LIMITATIONS AND FUTURE RESEARCH
Limitations included the snowball sampling frame, which resulted in a sample that was largely influenced by female respondents and those with a college degree. However, the results were weighted to overcome this limitation. It is important to note that the large degree of bias in the sample likely could not be entirely controlled for through weighting. Even recognizing that there is a potential bias and an inability to generalize the results of this survey to all adults in North Dakota, the data do establish a strong baseline and support for addressing stigma among males in rural and urban communities throughout the state. Results also highlight, regardless of generalizability of these specific data, the need to survey and assess stigma around mental health prior to implementing educational campaigns developed to address/decrease public stigma.

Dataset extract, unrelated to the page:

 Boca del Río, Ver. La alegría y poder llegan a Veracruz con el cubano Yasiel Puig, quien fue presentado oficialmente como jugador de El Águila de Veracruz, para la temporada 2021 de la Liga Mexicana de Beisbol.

Another limitation of this study is that it did not explore perceived self-stigma by individuals with mental illness, which can have a greater influence on care utilization than public stigma. The study also explored stigma in only one state and did not explore potentially exacerbating variables because of small sample sizes. However, this study is one of the first to explore variable public stigma between rural and urban areas.

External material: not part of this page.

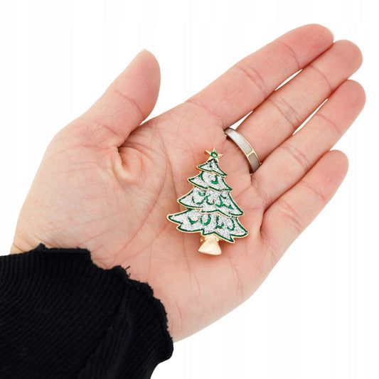 Broszka świąteczna Choinka - zielono-złota, brokatowa - Pinets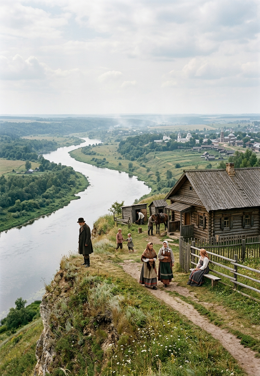 В Трубчевске XIX века город ощущается не через улицы, а через высоту, на которой он стоит, и пространство, которое открывается вокруг. Здесь не возникает ощущения замкнутости, наоборот — всё будто направлено наружу, в сторону далёких линий горизонта и мягкого течения Десны. Город не раскрывается сразу, он сначала даёт почувствовать воздух, расстояние, глубину, и только потом становится заметен в деталях. И чем дольше находишься здесь, тем яснее становится: это место живёт не внутри себя, а в постоянном диалоге с пространством вокруг. Улицы Трубчевска не замыкаются внутри, в них всегда есть направление, которое ведёт к краю, к обрыву, к виду на реку. Они могут идти спокойно, без резких изгибов, но в них чувствуется движение наружу, как будто город не удерживает, а отпускает. Грунтовые дороги утоптаны, но не перегружены, движение здесь есть, но оно не становится плотным. Идёшь по такой улице — и постепенно понимаешь, что она ведёт не к месту, а к ощущению. Застройка Трубчевска не давит

The original survey assessed stigma around several mental health diagnoses. A limitation of that study was its length and noncompletion rate. To accommodate that limitation, this study measured stigma related to mental illness more broadly. This is also a limitation because there was no distinction between AMI and serious mental illness. It is recommended that future research assess stigma around AMI (not including serious mental illness but including diagnoses like depression and anxiety) and then assess stigma related more specifically to serious mental illness. Serious mental illness would include diagnoses such as bipolar disorder and schizophrenia.

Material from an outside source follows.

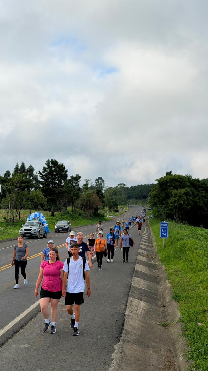 Entre os destaques deste ano esteve a participação especial do Grupo de Jovens de Rebouças, Amigos do Carlo Acutis, que se dividiram ao longo do trajeto, mas que caminhavam sempre com alegria, motivando e contagiando aqueles ao redor. Os reencontros pelo caminho, os abraços e o incentivo constante mostraram que a peregrinação ultrapassa o esforço físico, ela se torna experiência fraterna, espiritual e profundamente humana.

The results draw attention to the need for future research to break perceived stigma (self or public) into categories like those studied (professional efficacy, anxiety, hygiene, etc.) and the need to identify both

community champions (subgroups with low stigma) and priority health education topics (for example, the topic of recovery among rural males). Future research may also explore additional demographic variables that could influence community stigma (e.g., income). Within the state of study, there is an opportunity to now develop focused educational and mental health promotion campaigns and to subsequently study their impact on public stigma.